That was the large type quote in today's Wall Street Journal obit on ceramic artist Ken Price written by Peter Plagens. It immediately got my attention.
I don't let my feelings about contemporary art theory slip out much on this blog. I'm sure that they do occasionally. I'm much more open about them on my main web site. I also believe that art theory is pretty worthless, or at least debilitating. It's so easy to waste your time thinking about art and the art world rather than undertaking the far more rewarding and satisfying task of just making art. So I assume very few readers of this blog are interested in my thoughts on the subject.
But sometimes things just bother you and get under your skin. I looked at an online application for a local juried art show today. It will explore the 'themes and ideas that are current within the arts of Philadelphia.' Uh, oh. That most likely rules me out. I don't even know what those ideas are. What's worse I'd be willing to bet I'd think that they were utter nonsense if I did know. (So by now you can probably see why I don't write about this much here!). In any case the notion of ideas in art is always under my skin, like a nasty thorn.
So when I read the Ken Price obit, an artist I should say I vaguely recalled from my years in California, my heart leapt when I read
Part of Price's uniqueness -- particularly in today's logorrheic, theory-besotted art world -- was his straightforwardness.
'Theory-besotted art world.' I couldn't have said it better myself. It's the main reason I turned from abstract art to naturalistic art 10-15 years ago.
Plagens goes on to quote Price:
I can't prove that my art's any good or that it means what I say it means. And nothing I can say can improve the way it looks.
I think that this is at the heart of my view on art, whether it's abstract, naturalistic or anything in between. The only thing that's important to me is how it looks. Just as with music I care about what it sounds like. This would seem to be a simple, self-obvious statement. But in the bizarro world of art nothing is self-evident other than the one fad will follow another.

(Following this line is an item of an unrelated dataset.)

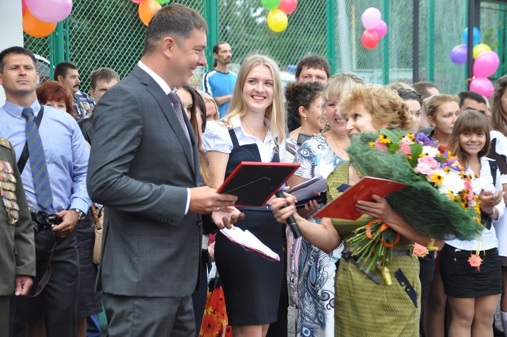 Торжественная линейка в День Знаний прошла в школе №52 Владивостока![]() Торжественная линейка в День Знаний прошла в школе №52 Владивостока. Мероприятие развернулось на пришкольном стадионе, где школьников поздравило руководство школы и приглашенные гости. С торжественным словом ко всем участникам обратилась директор школы Елена Дмитриенко: «Сегодня в сентябрьский погожий, немножечко хмурый, но очень радостный для всех день мы собрались здесь, чтобы начать новый учебный год. Нашим старшеклассникам я желаю победы – успешно сдать экзамены. Нашим первоклассникам, их 89 человек – три небольших класса, желаю полюбить нашу школу, не бояться своих первых учительниц, быть смелыми и держать ориентир на одиннадцатиклассников, быстро дорасти до них, научиться писать, читать, хорошо решать задачи и быть внимательными. Всем успехов!», - поздравила всех присутствующих Елена Дмитриенко. Елена Дмитриенко Традиционным гостем школы в этом году снова стал депутат Законодательного Собрания Павел Серебряков. Павел Серебряков «Поздравляю вас с этим праздником – началом нового учебного года. Первоклассников, родителей, чьи дети только начали постигать все школьные тягости и радости, выпускников, которым предстоит сдавать достаточно сложные экзамены, определяющие их дальнейшую жизнь, и педагогов – это общий праздник и новый этап в жизни каждого. Учителей хочется поздравить со вступлением в силу нового закона об образовании, который тоже, надеюсь, качественно изменит к лучшему жизнь образовательных учреждений. А всем родителям и детям я желаю терпения, терпимости друг к другу и взаимоуважения», - говорит Павел Серебряков. За активное участие в жизни школы и постоянную помощь и внимание Павла Юрьевича наградили почетной грамотой, что было полной неожиданностью для всех. Также школу посетил и председатель Первореченского Совета ветеранов Иван Панасюк, который пожелал детям хорошей учебы и успешного окончания этого учебного года. Иван Панасюк

Well, as I said, not many people who read this blog I suspect are very interested in this type of thing. They're interested more in nature or naturalistic art I think. But even for them I think the importance of what something looks like is worth mentioning.
I said yesterday that I don't get much satisfaction out of working from photos, even if the work turns out fairly realistic. I'm happy with my recent ballpoint pen drawings of wood warblers. But they seem to me more like exercises than anything else. And in fact they were I did them mainly to learn. I also tried to make drawings that were pleasing to look at and that somehow captured the bird. But there was still a bit of 'exercise' in them.

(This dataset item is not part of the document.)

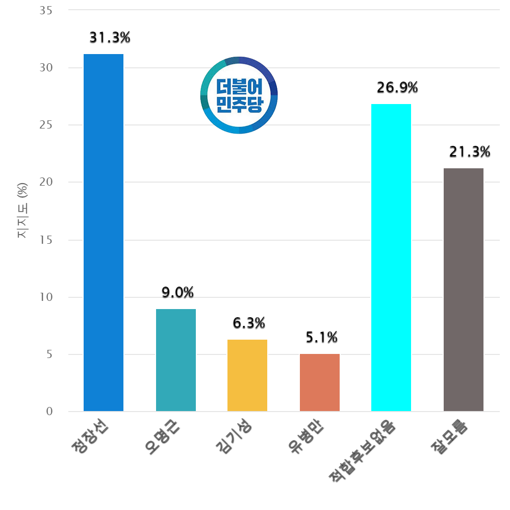 ¡ã ´õºÒ¾î¹ÎÁÖ´ç ÆòÅýÃÀå Èĺ¸ ÀûÇÕµµ¡¥Á¤Àå¼± 31.3%, ¿À¸í±Ù 9%, ±è±â¼º 6.3%, À¯º´¸¸ 5.1% ¼øÀ¸·Î ³ªÅ¸³ª

By contrast I'm now trying to create a print or painting of the Twelve-Spotted Skimmer and Solitary Sandpiper that I saw last summer at Morris Arboretum. Yesterday's ink and watercolor wash drawing was one attempt. Today I changed it to a vertical format, moved the shorebird and added some foliage and fallen trees in the water. To me this is what art is all about, regardless of subject, trying to make something that looks good, just like Ken Price.